True Fiction by Lee Goldberg: A Writer on the Run

True FictionTrue Fiction

by Lee Goldberg
Series: Ian Ludlow Thrillers, #1

Kindle Edition, 248 pg.
Thomas & Mercer, 2018
Read: July 20 – 21, 2018

“Sorry I’m late,” Ian said. “I’ve been on the run all morning.”

It was a line worthy of Clint Straker and Ian knew it. He couldn’t stop being a writer, always thinking of the next line in one of his thrillers. But he was living a thriller now and it was no thrill at all.

This is one of those books that’s super easy to write about — if you like the premise of the book, you’ll like the book. It’s just that simple. The tricky part is finding someone who wouldn’t like this premise.

Ian Ludlow, television writer turned thriller novelist, can’t believe his eyes — a terrorist attack in Hawaii went exactly the way that he designed and he’s pretty sure that someone is trying to kill him. Ludlow was part of a group of writers (movie, TV, novelists) that came up with some scenarios for the CIA that terrorists might use, so the CIA could design counter-measures. This is a thing that actually happened (maybe still does) following 9/11, because writers have much better imaginations than government employees do. One of those scenarios is playing out in real life and Ludlow doesn’t know what to do. Clearly someone out there doesn’t want Ludlow spreading the word that he’s the source for this attack.

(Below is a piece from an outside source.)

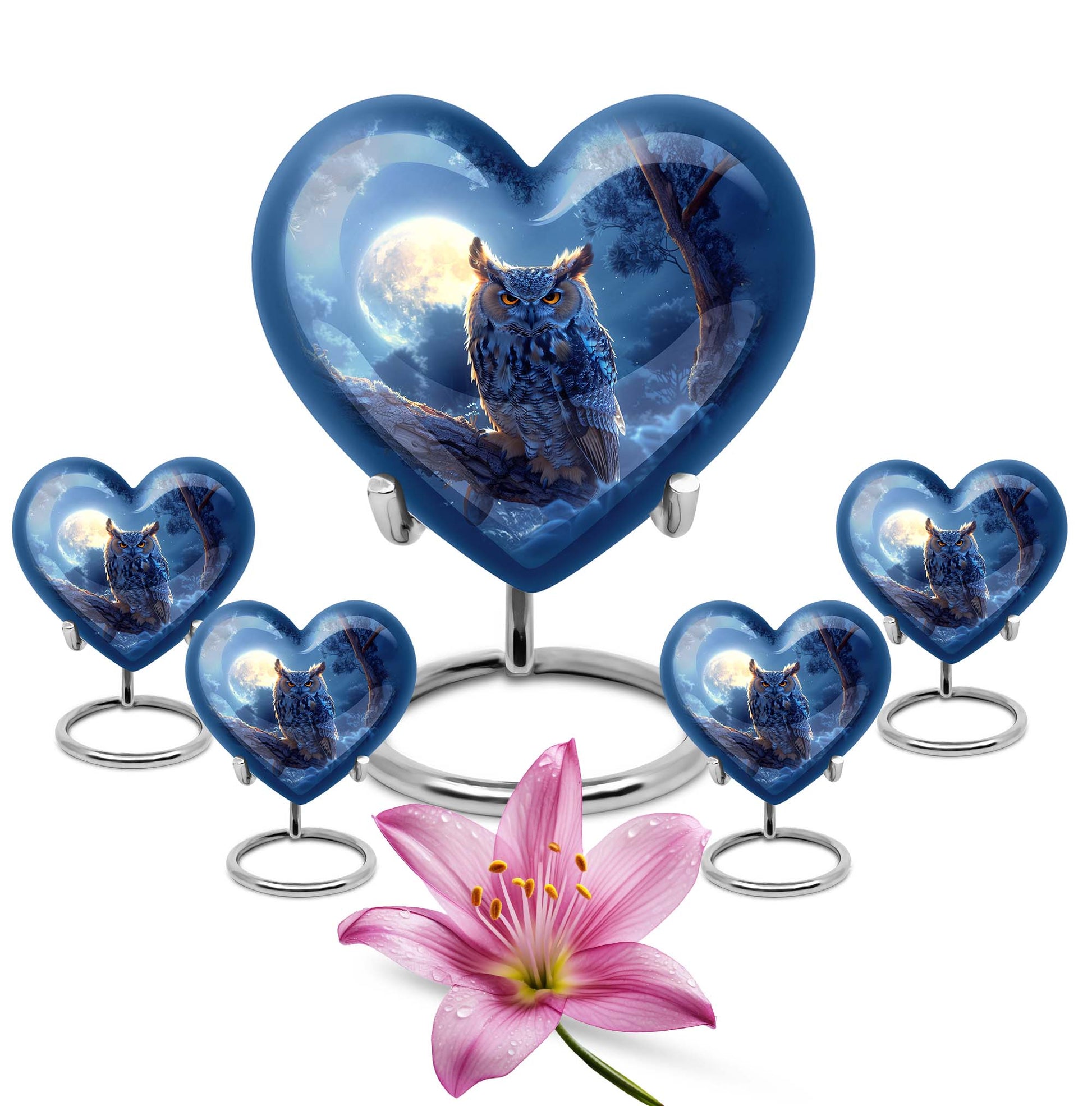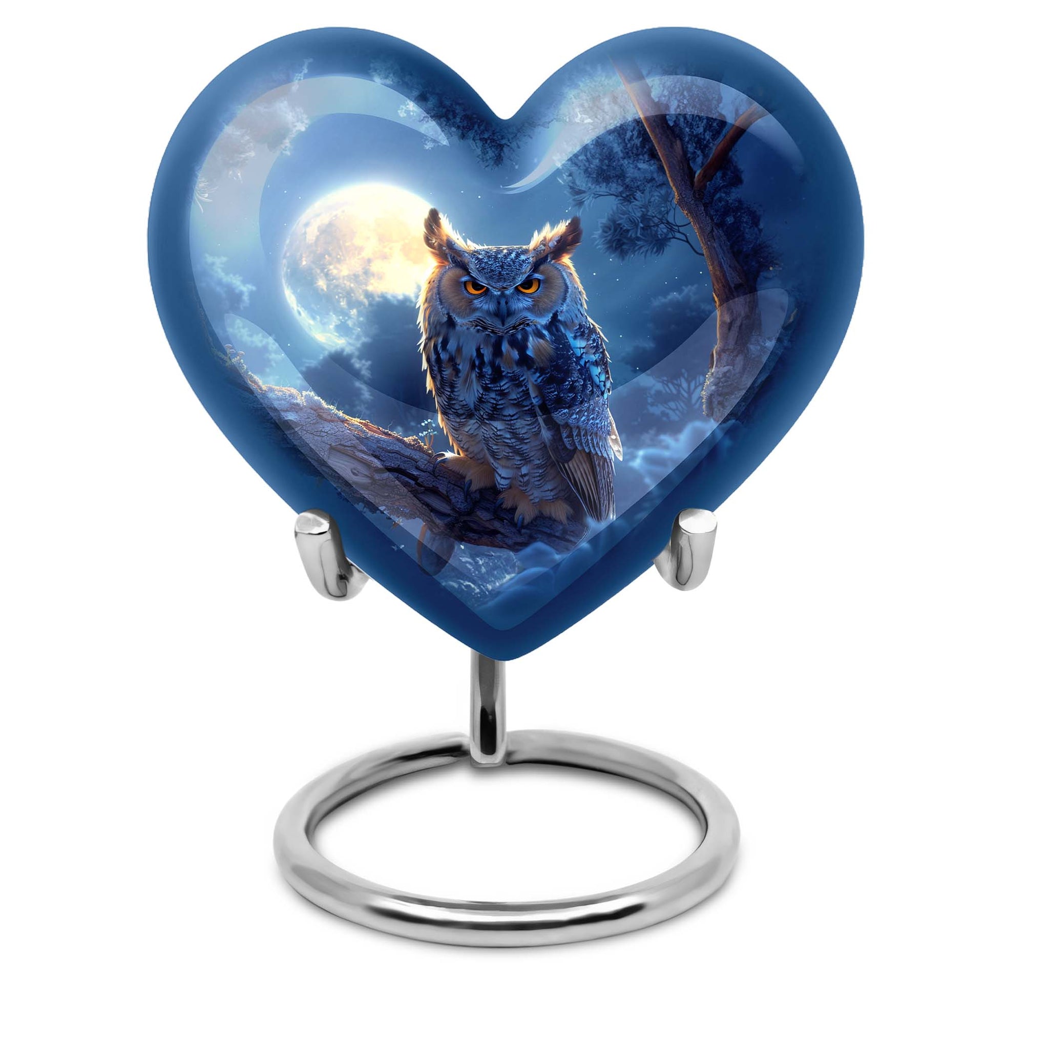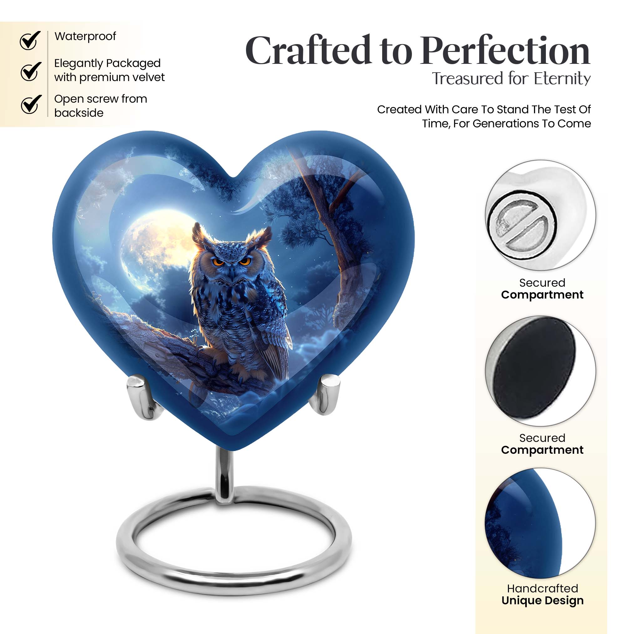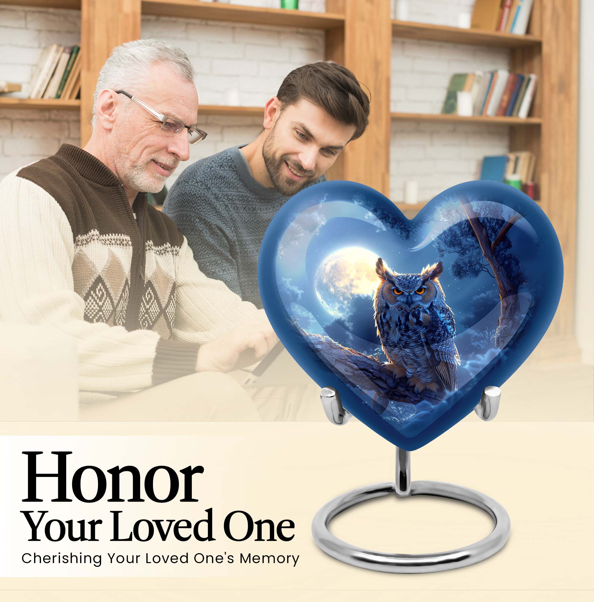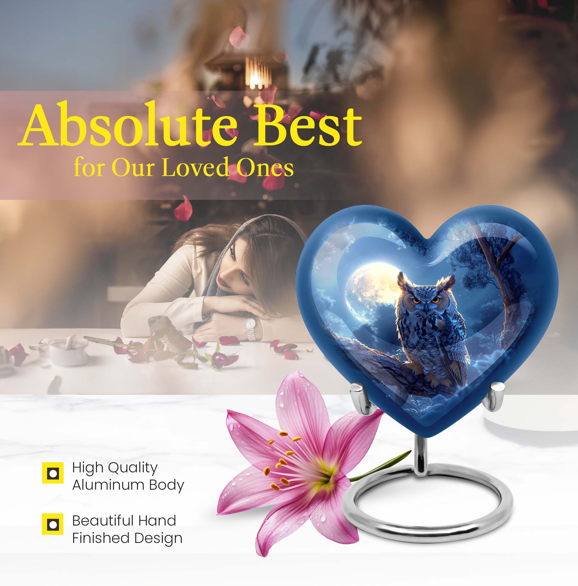 Commemorate your loved one with our dignified 10-inch heart urn. Fashioned from high-grade aluminum, this large urn offers the sturdiness and durability to withstand the test of time. Its abstract theme and heart design translate to a tasteful tribute to your dearly departed. With a holding capacity of 200 cubic inches, this cemetery urn is ideal for either an adult male or a woman. Personalizing the urn with engraved names imbues it with an intimate touch, individualizing the monument. The package comes complete with a velvet pouch for containing the precious ashes, ensuring respectful and secure preservation. Built with a weight of 3.3 pounds, the owl urn is solid and secure. The cremation urn is part of a larger collection of funeral urns for ashes for women, burial urns, and urns for mom. However, it is also suitable for the eternal rest of an adult male, demonstrating its versatility. Please note, personalization adds an extra layer of uniqueness, making it tailor-fit for the individual resting in peace.

Before he realizes what’s happening, Ludlow is running for his life and has dragged Margo along with him. Margo’s a dog-sitter, house-sitter, aspiring musician, and occasionally drives authors visiting Seattle to their signings. That’s how this poor girl gets sucked into Ludlow’s mess — she saves his life (and then he returns the favor), dooming her to having to run with him.

Add in some over-the-top villains (I hope, see below), and Goldberg’s signature wit and solid writing, and you’ve got yourself a winner.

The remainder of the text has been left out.